## DATA SHOWN

[Start of Attachment]

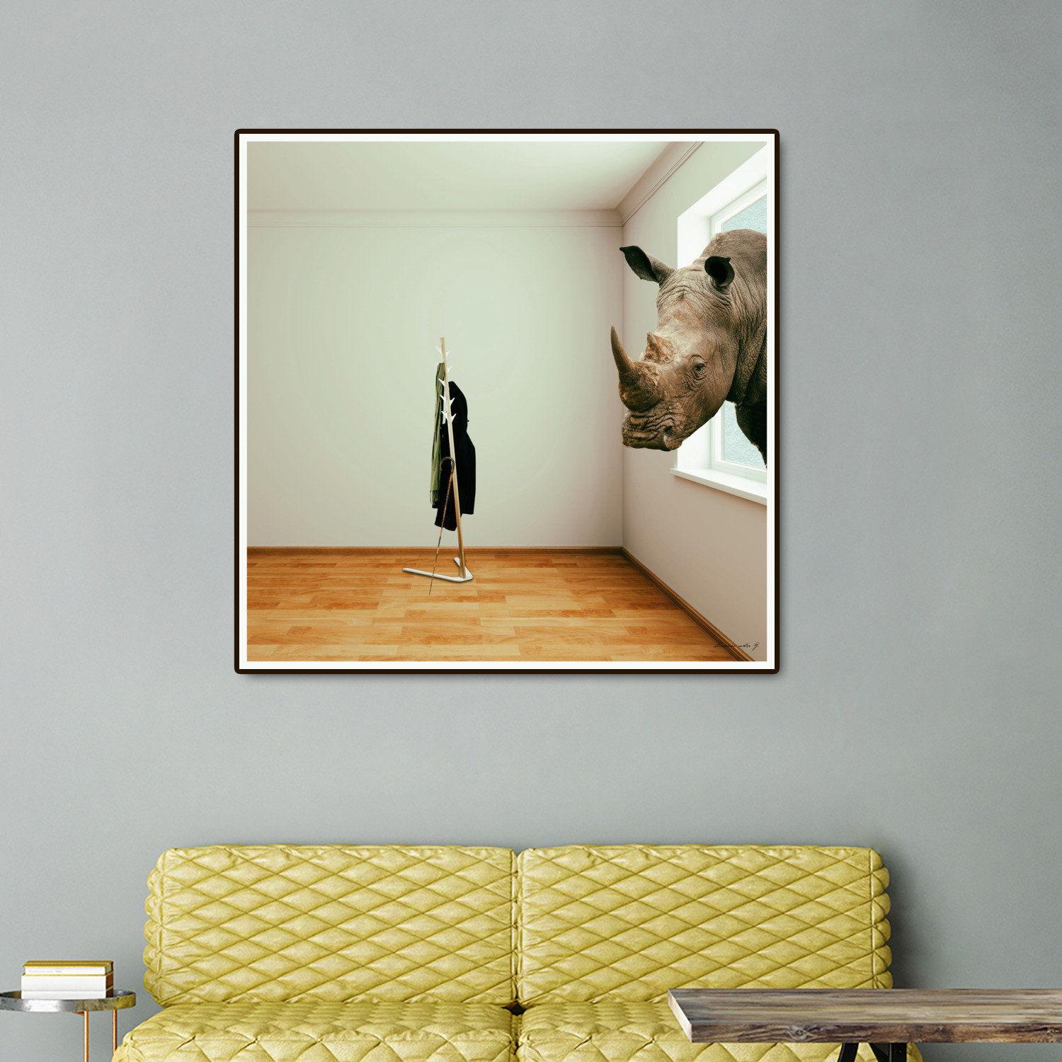 From a series by artist Marcus Guinoza depicting what happens when the wild comes inside, this tongue in cheek take on fine art is available in the unique art block format. The Last Rhino is numbered and signed, as well as being limited edition, and mounted to a masonite board so it pops out against a wall even without framing.
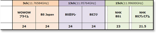 | 帯域再編前のBS放送のテレビ番組のチャンネル配置図(下の数字は使用スロット数) |
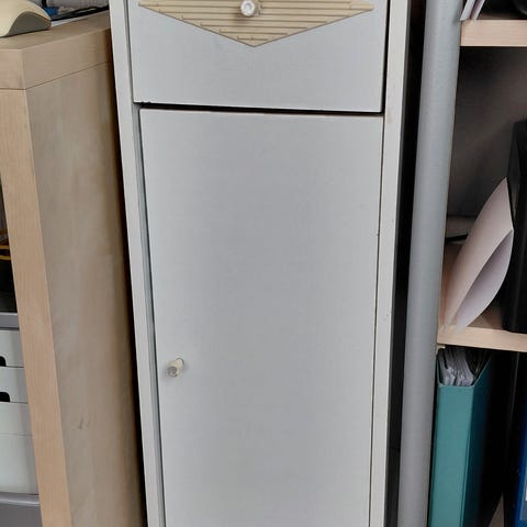 Myydään valkoinen kaappi, jossa on ylhäällä avointa säilytystilaa ja alhaalla kaapin ovien takana umpinaista säilytystilaa. Kaapin takaosassa on pieni reikä (näkyy kuvassa). Myydään muuton tieltä. Nouto Helsingin Jätkäsaaresta.

[End of Attachment]

## WHAT IS BEING ASKED
Could you transcribe all of the data exactly and omit the pictures?

## WRITTEN RESPONSE
 From a series by artist Marcus Guinoza depicting what happens when the wild comes inside, this tongue in cheek take on fine art is available in the unique art block format. The Last Rhino is numbered and signed, as well as being limited edition, and mounted to a masonite board so it pops out against a wall even without framing.
 | 帯域再編前のBS放送のテレビ番組のチャンネル配置図(下の数字は使用スロット数) |
 Myydään valkoinen kaappi, jossa on ylhäällä avointa säilytystilaa ja alhaalla kaapin ovien takana umpinaista säilytystilaa. Kaapin takaosassa on pieni reikä (näkyy kuvassa). Myydään muuton tieltä. Nouto Helsingin Jätkäsaaresta.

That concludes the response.